Мы говорили об этом. После того, как я заявила, что на зиму остаюсь в Нью-Йорке. Вызвалась сопровождать его в поездке, но умышленно дождалась, пока на его стыковочный рейс из Далласа до международного аэропорта «Марискаль Сукре» не закончились билеты.
Потом я согласилась, что мне не имеет смысла отправляться с ним, но не могла не заметить облегчения в его глазах, когда он убедился, что мы пришли к единому мнению.
– Буду звонить каждый день, – говорит он. – И все время буду держать телефон под рукой.
Он что, предоставляет мне компенсацию? Напоминает, что доступен по телефону днем и ночью. Значит, что-то скрывает и чувствует вину?
– Все будет прекрасно. – Встаю с кровати, засовываю руки в задние карманы джинсов и изображаю улыбку.
Стащив чемодан с покрывала, Брант катит его к двери. На ходу достает телефон – тот самый, доступ к которому по непонятной причине с этой недели для меня закрыт, – и смотрит на экран, затем убирает.

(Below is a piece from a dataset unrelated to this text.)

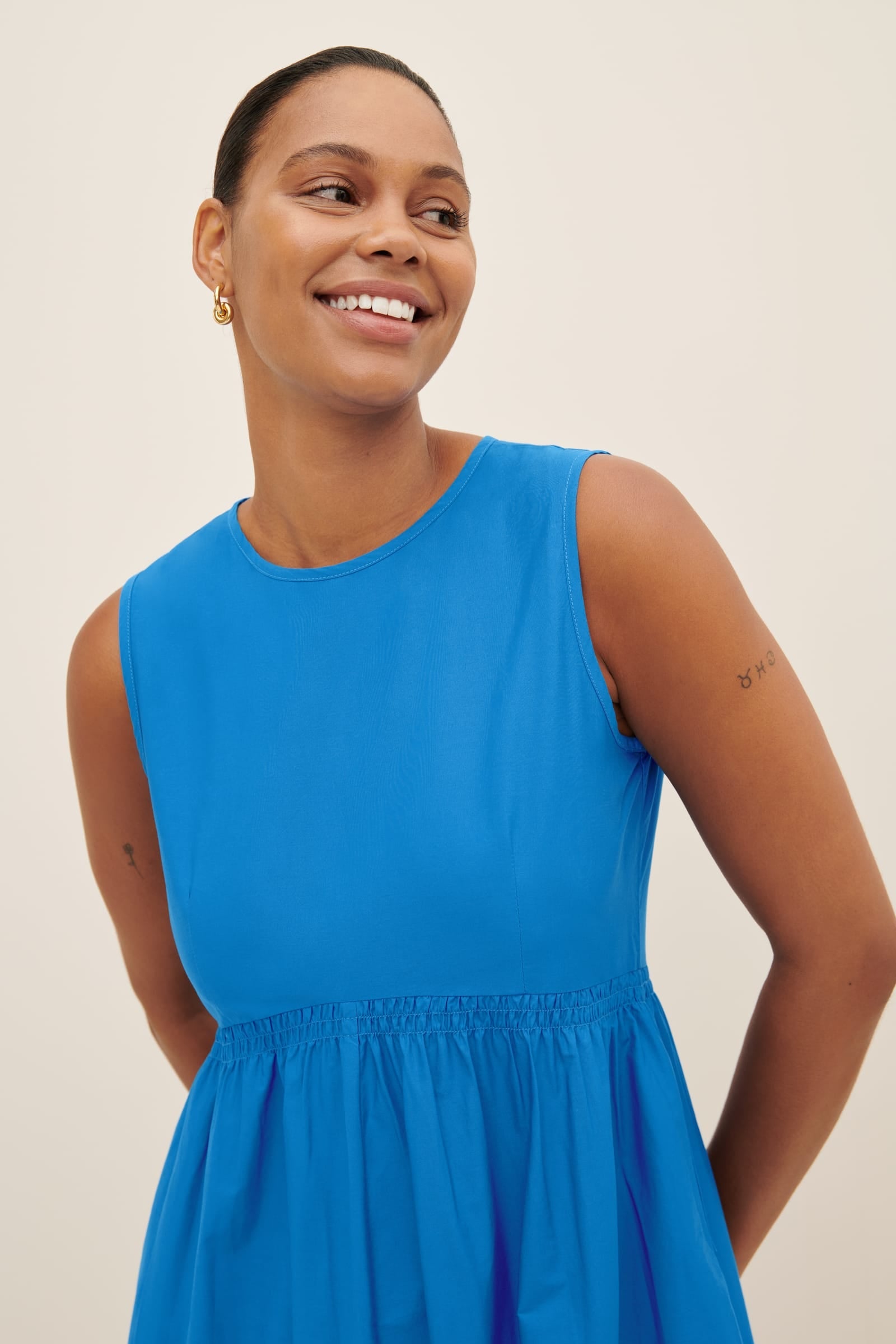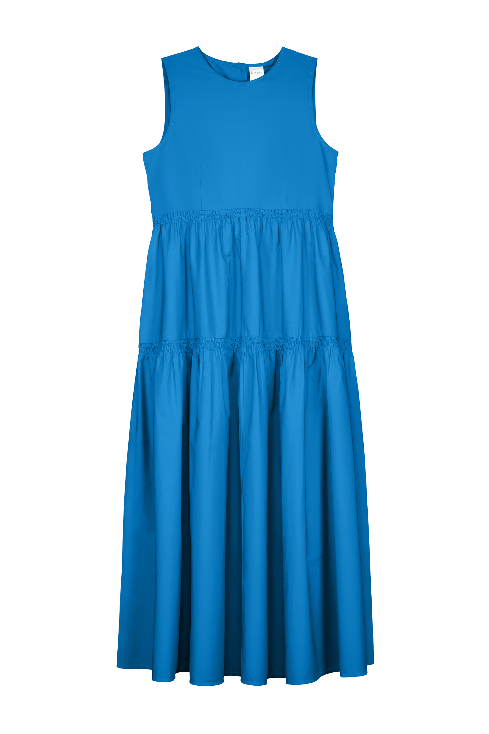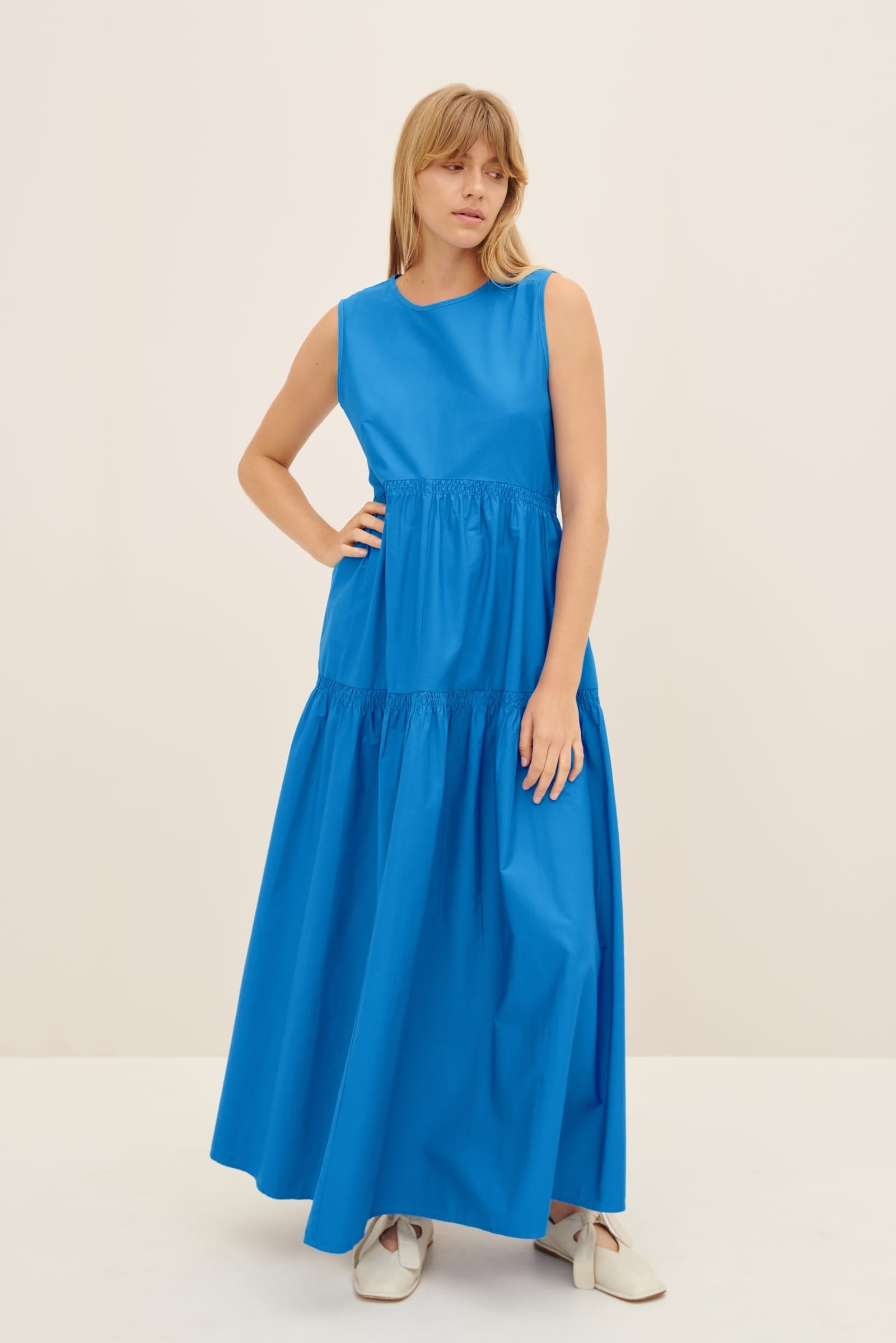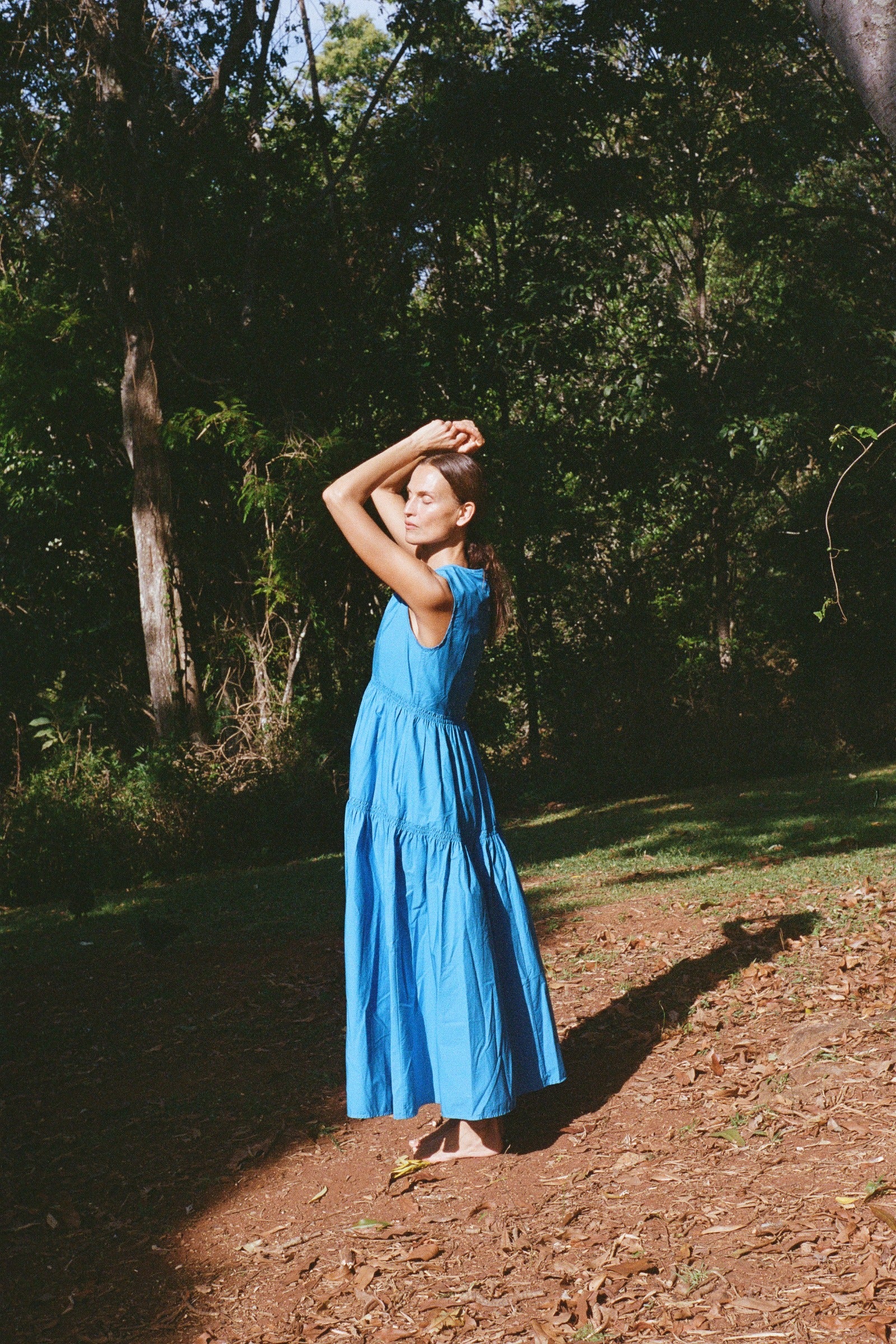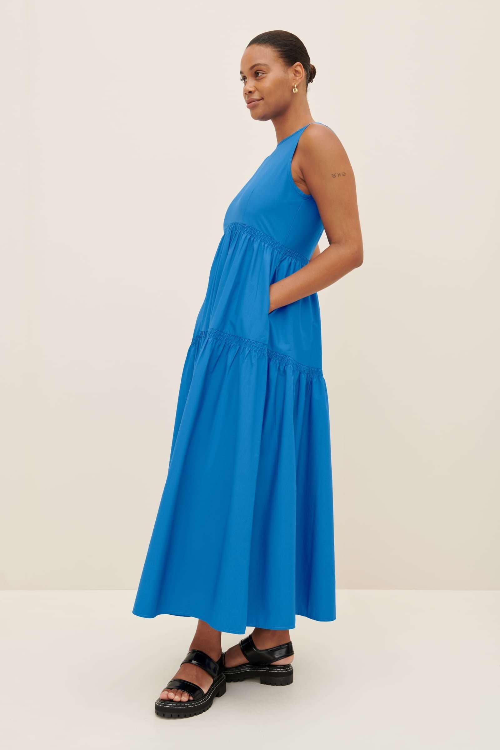 An effortless style in a standout blue hue inspired by the ocean, made from organic cotton poplin shirting. The Aurora Dress has a standard fit with a structured bodice that fastens through the back with Agoya shell buttons. The floaty, full-length skirt features gathered tiers detailed with two rows of top-stitching.

– Машина будет через две минуты, – говорит он. В сощуренных глазах, в озабоченных складках на лбу читается беспокойство. Не знаю только, за меня или за себя.

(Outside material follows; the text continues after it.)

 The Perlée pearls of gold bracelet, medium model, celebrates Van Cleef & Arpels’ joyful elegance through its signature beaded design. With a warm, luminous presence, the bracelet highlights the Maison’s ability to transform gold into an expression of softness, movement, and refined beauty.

Спускаюсь за ним по лестнице на площадку; Брант прислоняет чемодан к двери и поворачивается ко мне.
– Я буду скучать, – сообщает он, убирая прядь волос с моего лба.
– Я тоже. – Говорю это просто потому, что надо соблюсти приличия.
Пальцы Бранта ласково касаются моего подбородка, приподнимают его, и он целует меня снова – крепче, чем обычно.
В кармане у него звякает телефон, и я периферическим зрением вижу появившийся на нашей подъездной дорожке черный седан.
– За тобой приехали, – говорю я, отстраняясь.
Поджав губы, Брант секунду смотрит на меня, но я хлопаю его по груди и отступаю в сторону.
– Будь осторожен, – напоминаю, как всегда. Муж нажимает ручку двери, а я посылаю ему воздушный поцелуй.
– Ах да, Брант! – восклицаю я.
– Что? – Он оборачивается.
– Забыла сказать… пришло сообщение о мошенничестве с моим трастовым счетом, – сообщаю я, хмуря брови. Специально ждала момента, когда он покинет страну – чтобы у Бранта не было возможности замести следы. – Я просто велела заморозить его, пока мы не разберемся, что происходит.
– Хм. – У него дергается адамово яблоко, а загорелое лицо на долю секунды бледнеет. – Это… тревожит. Я посмотрю, когда вернусь. Уверен, ничего серьезного.
Он застывает в дверях, но всего на миг, а потом уходит.
Глава 15
Рен
– Ешьте, девочки, – говорит наш незваный гость, отдирая с ребрышка полоску козлятины. – Не пропадать же добру.
Так всегда говорит Мама.
Вездесущий запах горелого мяса лезет в ноздри. Я еще не попробовала, но знаю: никакие специи из кухонного шкафа не помогут забыть, что мы едим одну из наших любимых козочек.
Сэйдж стошнило, когда мы ее готовили.
Она посмотрела во двор, где на пожухлой окровавленной траве валялась шкурка – там, где он утром застрелил козу. Вот сестру и вырвало. Коз она любила так, как все мы любили маленького колли. Он жил у нас, а потом сбежал.
Утром я упрашивала чужака не забивать коз, но он схватил наше ружье и вышел, хлопнув дверью.
От грохота выстрела вздрогнула хижина и звякнули оконные стекла. Мы с сестрой держались друг за друга, пока он не вернулся в забрызганной кровью куртке, чтобы достать охотничий нож из своей сумки.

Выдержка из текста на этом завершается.